Emotet: Dangerous Malware Keeps on Evolving

Research into the latest Emotet variant by Symantec’s Threat Engineering Team has revealed details about which compression algorithm the gang behind Emotet has customized and is using in its code.

Threat Intel
Mar 30, 2020 · 12 min read

Authors: Nguyen Hoang Giang, Mingwei Zhang

Emotet is one of the most dangerous malware threats active today. Emotet (Trojan.Emotet) began life as a banking Trojan but evolved several years ago to act as a malware loader for other threats — Emotet infects a machine and then downloads another threat e.g. the TrickBot information stealer, onto the infected system. Emotet is now one of the biggest threat distributors out there, renting its infrastructure out to all sorts of other threats, including ransomware, information stealers, and cryptocurrency miners.
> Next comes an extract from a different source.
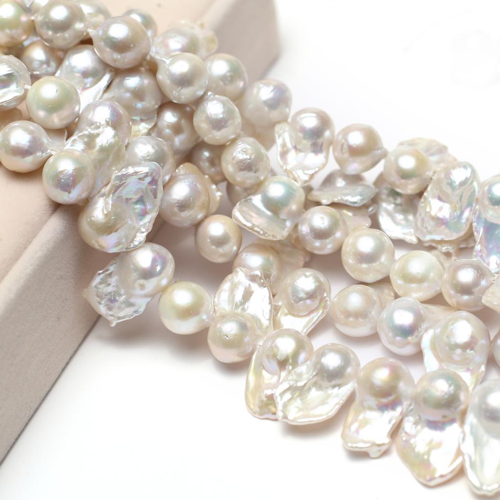 Baroque Handmade Fishtail Pearl 15-23mm, White Natural Freshwater Pearls Beads for Jewelry Making DIY Necklace Accessories, Mother's Day Crafts 36cm

We wrote a detailed blog about Emotet’s evolution in 2018, which gives you more background on the threat and its development.

Recently our threat engineering team noticed some updates to Emotet (Version 5, 20200201), and performed some analysis on the malware sample to see exactly what was going on.

What’s New?

The first thing we noticed is that Emotet has updated its techniques for obfuscating its flow of code. This anti-analysis technique makes it more difficult to analyze and track modifications between variant binaries. The second thing is a change in the communication protocol between the botnet and its command and control (C&C) servers. A detailed technical analysis of these changes follows.

Anti-Analysis

This Emotet binary (unpacked) is using an obfuscation technique called Control Flow Flattening, which works as follows:

  • Each basic block is assigned a number.
  • The obfuscator introduces a block number variable, indicating which block should execute.
  • Each block, instead of transferring control to a successor with a branch instruction, as usual, updates the block number variable to its chosen successor.
  • The ordinary control flow is replaced with a switch statement over the block number variable, wrapped inside of a loop.
Figure 1. Control flow graph of one of the functions is obfuscated by Control Flow Flattening technique

All strings and other resources (such as RSA public key) are encrypted and only decrypt at runtime. The decryption algorithm is described in Figure 2.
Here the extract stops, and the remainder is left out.